§ EXERCISE OBJECTIVE
Omit all images, then repeat exactly the lines below from the one containing "A grayscale beach" through the one containing "本报告旨在建立一个新的女性赋", both ends included.

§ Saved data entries
..........
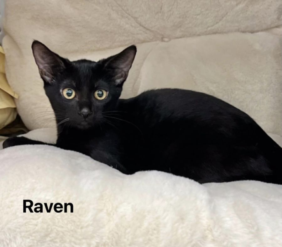 Raven is beautiful and sleek, with a tiny star burst on her chest. She is full of energy and curiosity!
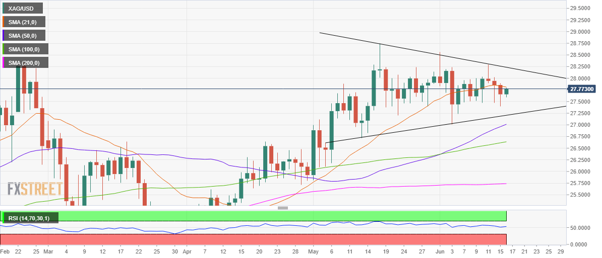 Silver price is on track to recapture the $28 threshold, although it needs a sustained break above the 21-Daily Moving Average (DMA) at $27.81 to extend the recovery momentum.
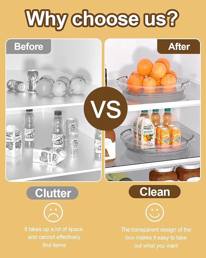 - Versatile Usage: Our clear Lazy Susan organizer enhances the functionality and efficiency of any space. It provides a practical solution for organizing and storing condiments, spices, snacks, cans, medicine, makeup, perfume, and cleaning supplies in your kitchen cabinet, pantry, fridge, countertop, office tabletop, or bathroom.
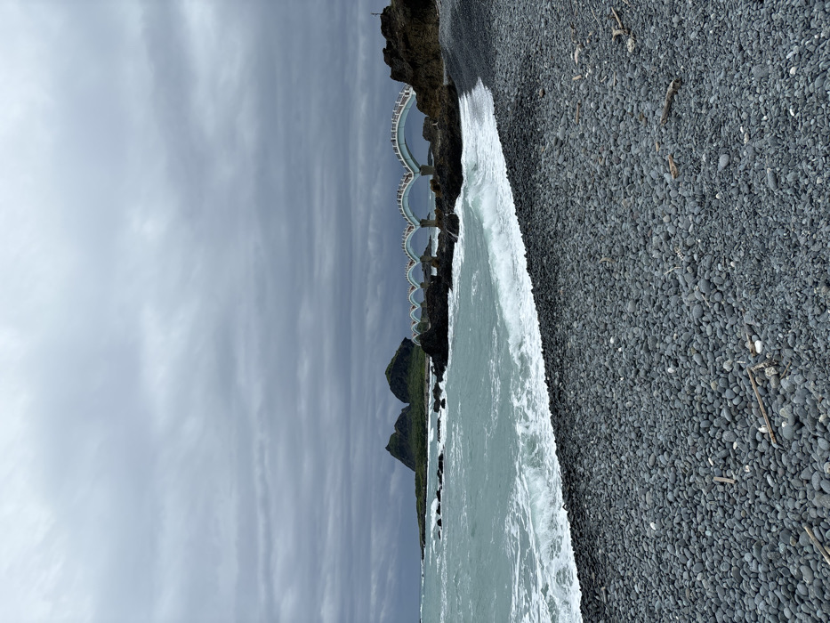 A grayscale beach scene features a rocky shoreline and a cloudy sky. Smooth, dark pebbles cover the beach. Waves crash along the edge, creating white foam. In the distance, a series of arched structures connects rocky outcrops, creating a bridge-like appearance. Further, a small, green, cone-shaped island adds depth to the vista.
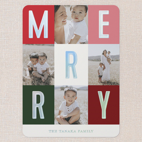 Send a Christmas card friends and family will love. Add your own greeting and everyone's names. There's room for more photos and wishes on the back, too.
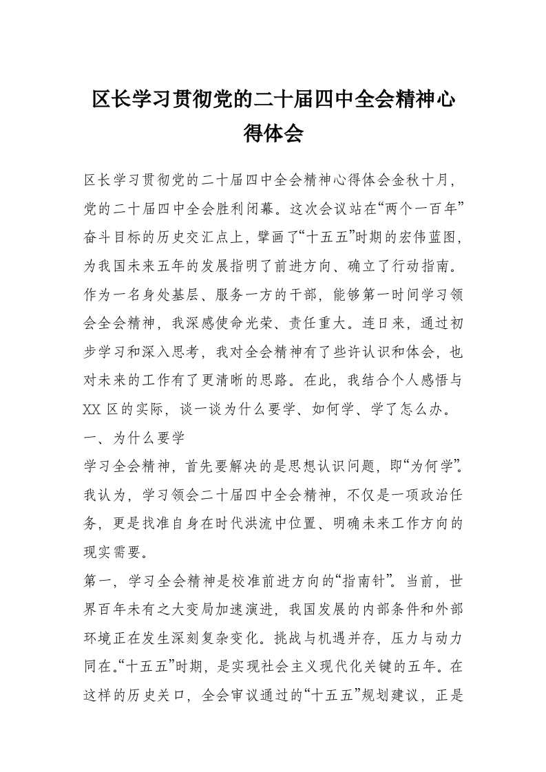 首页写作素材区长学习贯彻党的二十届四中***精神心得体会
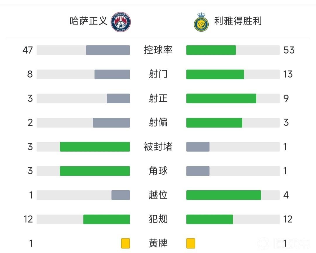 最终利雅得胜利客场5-0大胜哈萨正义。
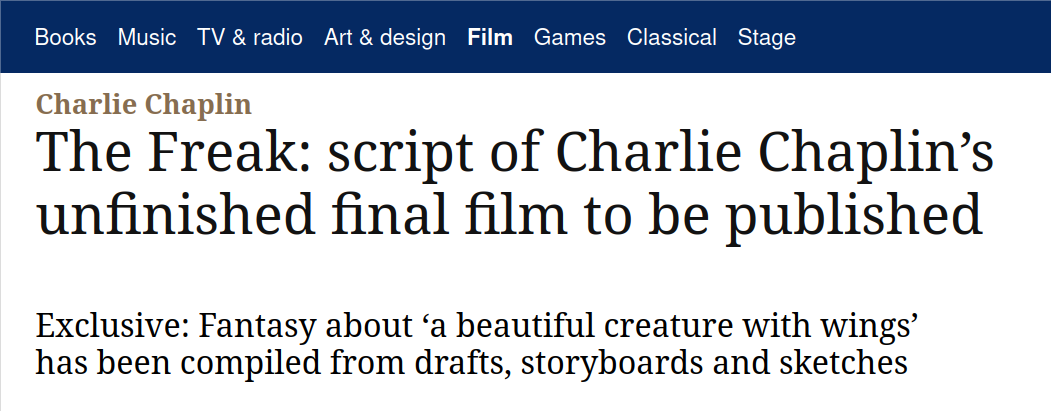 https://www.theguardian.com/film/2025/oct/11/the-freak-script-charlie-chaplin-unfinished-final-film-to-be-publishedSent that freak flying.
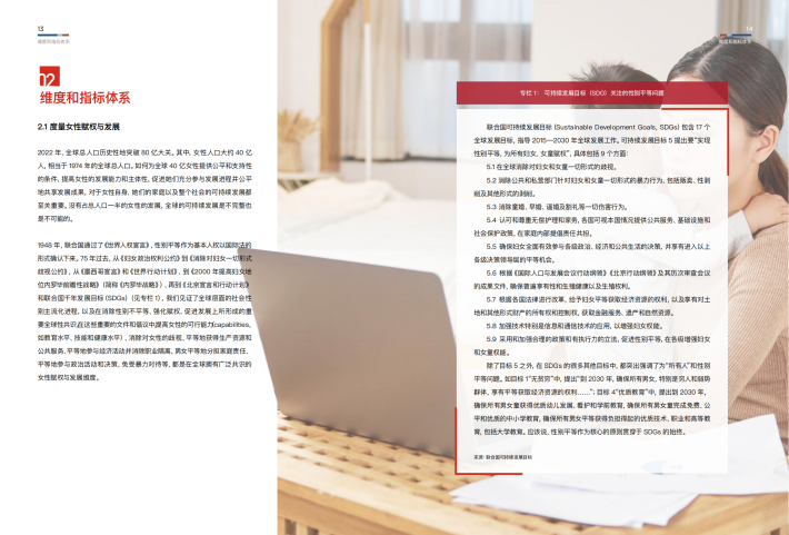 本报告旨在建立一个新的女性赋权与发展评价框架,并以指数化的方式对世界各国女性赋权与发展状况进行扫描,为相关的政策制定和议程的推进提供洞察。女性赋权与发展指数(Women'sEmpowerment,and-Development Index,以下简称“WEDI”)的构建充分吸收了《北京宣言和行动计划》”联合国可持续发展目标以及.《世界人权宣言》等重要国际文件和倡议的精神和主张。指数编制采用联合国开发计划署(UNDP)人类发展的基本理念,坚持全生命周期视角,聚焦时代性的女性发展问题,兼顾规范性和实证性,强调评价逻辑的一致性,同时考虑公平与发展、机会与结果。
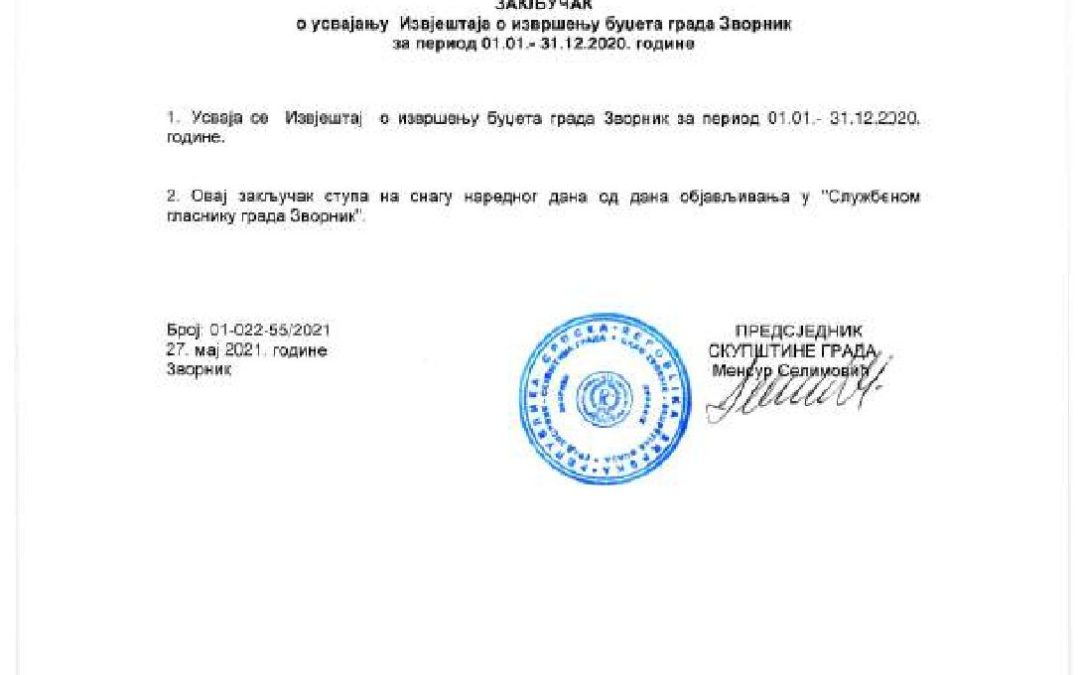 Извјештај о извршењу буџета Града Зворник за период 01.01.-31.12.2020. године_compressed jun 17, 2021
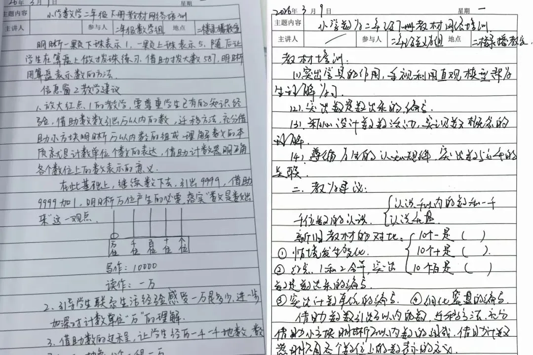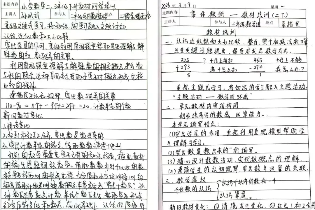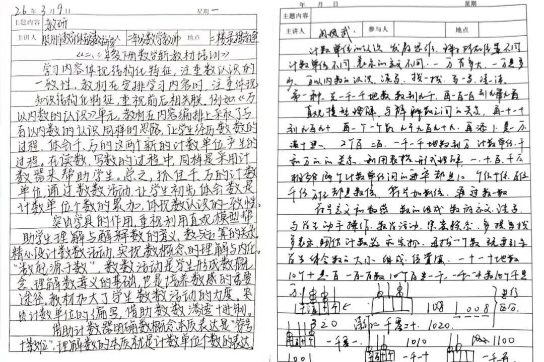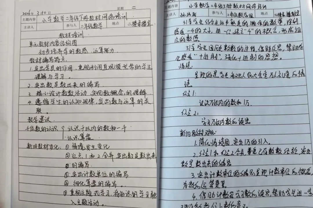 此次培训干货满满,老师们认真聆听,积极讨论,手中的笔不停记录。从算理启蒙到思维过渡,大家将专家分享的教材解读要点、教学策略和易错点一一详记。笔记上重点标注清晰,既有对新课标的理解,也有对课堂实践的反思。老师们纷纷表示,将带着这些“干货”融入日常教学,助力学生核心素养落地。
..........
§ YOUR SOLUTION
 A grayscale beach scene features a rocky shoreline and a cloudy sky. Smooth, dark pebbles cover the beach. Waves crash along the edge, creating white foam. In the distance, a series of arched structures connects rocky outcrops, creating a bridge-like appearance. Further, a small, green, cone-shaped island adds depth to the vista.
 Send a Christmas card friends and family will love. Add your own greeting and everyone's names. There's room for more photos and wishes on the back, too.
 首页写作素材区长学习贯彻党的二十届四中***精神心得体会
 最终利雅得胜利客场5-0大胜哈萨正义。
 https://www.theguardian.com/film/2025/oct/11/the-freak-script-charlie-chaplin-unfinished-final-film-to-be-publishedSent that freak flying.
 本报告旨在建立一个新的女性赋权与发展评价框架,并以指数化的方式对世界各国女性赋权与发展状况进行扫描,为相关的政策制定和议程的推进提供洞察。女性赋权与发展指数(Women'sEmpowerment,and-Development Index,以下简称“WEDI”)的构建充分吸收了《北京宣言和行动计划》”联合国可持续发展目标以及.《世界人权宣言》等重要国际文件和倡议的精神和主张。指数编制采用联合国开发计划署(UNDP)人类发展的基本理念,坚持全生命周期视角,聚焦时代性的女性发展问题,兼顾规范性和实证性,强调评价逻辑的一致性,同时考虑公平与发展、机会与结果。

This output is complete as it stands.